> **WHAT IS BEING ASKED**:
Word for word, give the records again, dropping any picture they hold.

(Collected data)
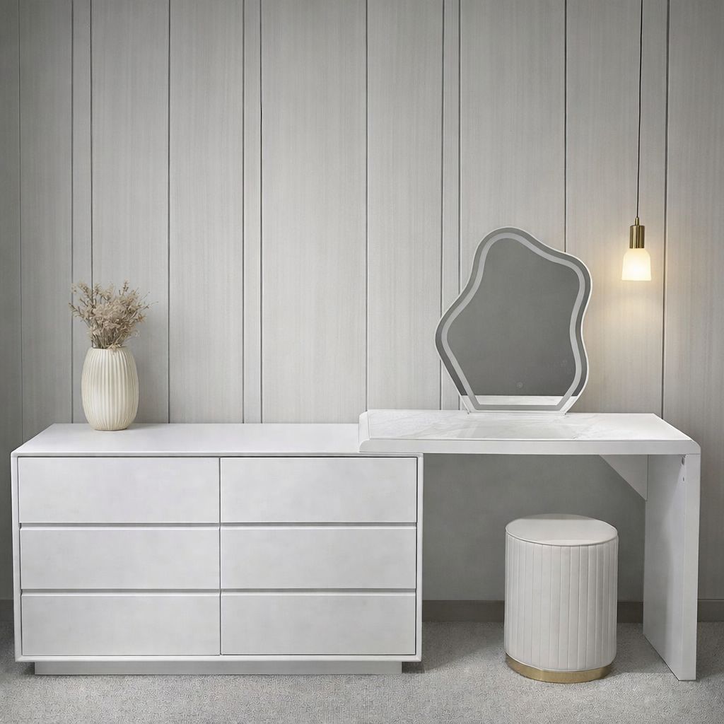 A masterpiece of functional art, this set celebrates the beauty of asymmetry. The stark white, six-drawer dresser offers ample storage, while the overlapping vanity table creates a light, airy workspace featuring a unique, organic-shaped LED mirror. It’s a clean slate for your morning ritual, bringing a sense of calm and modern poeticism to your dressing area.
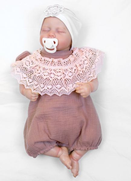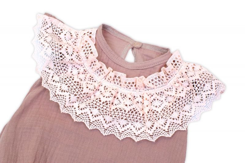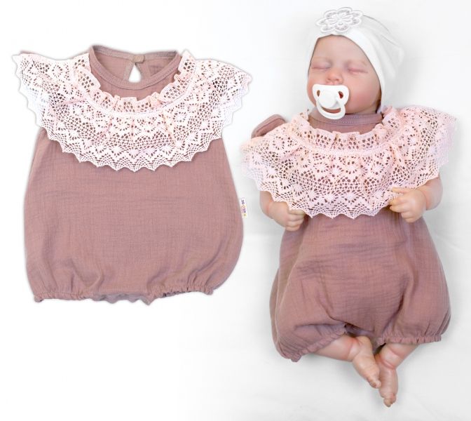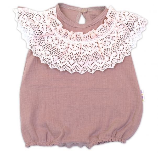 Body s nohavičkami, mušelín, s čipkou – hnedoružová, veľ. 68
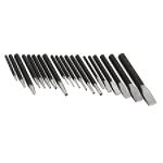 20 piece punch and chisel set is hot forged from alloy steel for maximum strength. Contains: 3/32", 1/8", 5/32", 3/16", 1/4", 5/16" Pin Punches; 1/8", 5/32", 3/16", 1/4", 5/16" Starter Punches; 1/4", 3/8", 1/2" Center Punches; 1/4", 3/8", 1/2", 5/8", 3/4", 7/8" Flat Chisels. Packaged in a roll.... |
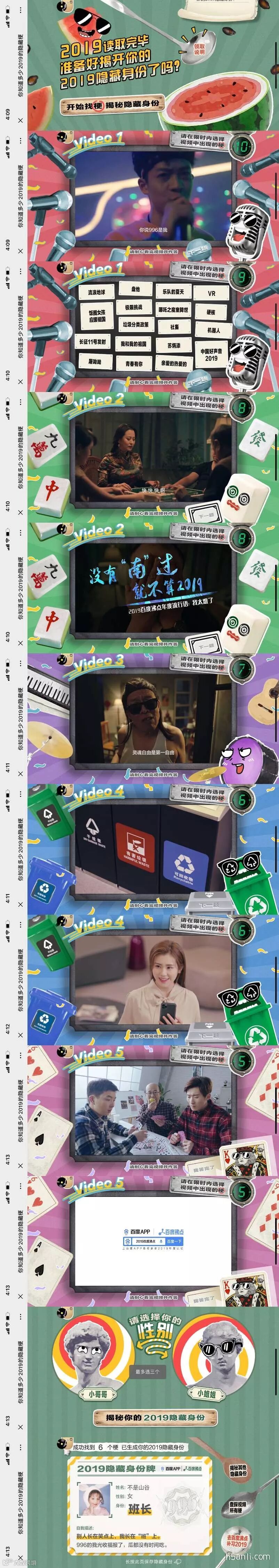 整体创意内容基于百度沸点产出的年度榜单热点词,将热点词实体化埋藏在各个场景,动作,台词,衣饰中,串联起2019年度记忆,是一支兼具观赏性及互动性的视频嵌套式答题H5。
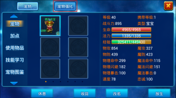 进行战斗:在面板中选择自己希望挑战的宠物进行挑战。
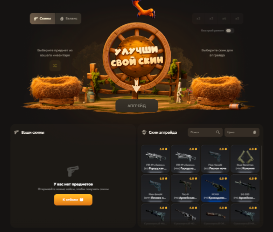 Режим апгрейдов позволяет повысить ценность имеющегося скина. Пользователь выбирает предмет из своего инвентаря и пробует обменять его на более дорогой, указав желаемый коэффициент. Чем больше разница между имеющимся и желаемым скином, тем меньше шанс на успех. Процесс сопровождается плавной анимацией, которая добавляет удовольствия от игры.
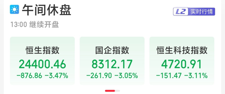中新经纬3月23日电周一早盘,港股三大指数集体下落。为止午间收盘,恒生指数跌3.47%,恒生科技指数跌3.11%,恒生国企指数跌3.05%。大市半日成交额1924亿港元。
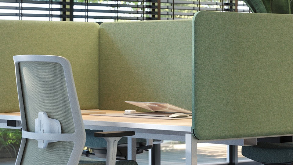 Akustične pregrade Top 530 pružaju dodatnu privatnost pojedinačnom radnom mjestu i smanjuju uredsku buku bez izolacije među kolegama.

> **EXPECTED ANSWER**:
 A masterpiece of functional art, this set celebrates the beauty of asymmetry. The stark white, six-drawer dresser offers ample storage, while the overlapping vanity table creates a light, airy workspace featuring a unique, organic-shaped LED mirror. It’s a clean slate for your morning ritual, bringing a sense of calm and modern poeticism to your dressing area.
 Body s nohavičkami, mušelín, s čipkou – hnedoružová, veľ. 68
 20 piece punch and chisel set is hot forged from alloy steel for maximum strength. Contains: 3/32", 1/8", 5/32", 3/16", 1/4", 5/16" Pin Punches; 1/8", 5/32", 3/16", 1/4", 5/16" Starter Punches; 1/4", 3/8", 1/2" Center Punches; 1/4", 3/8", 1/2", 5/8", 3/4", 7/8" Flat Chisels. Packaged in a roll.... |
 整体创意内容基于百度沸点产出的年度榜单热点词,将热点词实体化埋藏在各个场景,动作,台词,衣饰中,串联起2019年度记忆,是一支兼具观赏性及互动性的视频嵌套式答题H5。
 进行战斗:在面板中选择自己希望挑战的宠物进行挑战。
 Режим апгрейдов позволяет повысить ценность имеющегося скина. Пользователь выбирает предмет из своего инвентаря и пробует обменять его на более дорогой, указав желаемый коэффициент. Чем больше разница между имеющимся и желаемым скином, тем меньше шанс на успех. Процесс сопровождается плавной анимацией, которая добавляет удовольствия от игры.
中新经纬3月23日电周一早盘,港股三大指数集体下落。为止午间收盘,恒生指数跌3.47%,恒生科技指数跌3.11%,恒生国企指数跌3.05%。大市半日成交额1924亿港元。
 Akustične pregrade Top 530 pružaju dodatnu privatnost pojedinačnom radnom mjestu i smanjuju uredsku buku bez izolacije među kolegama.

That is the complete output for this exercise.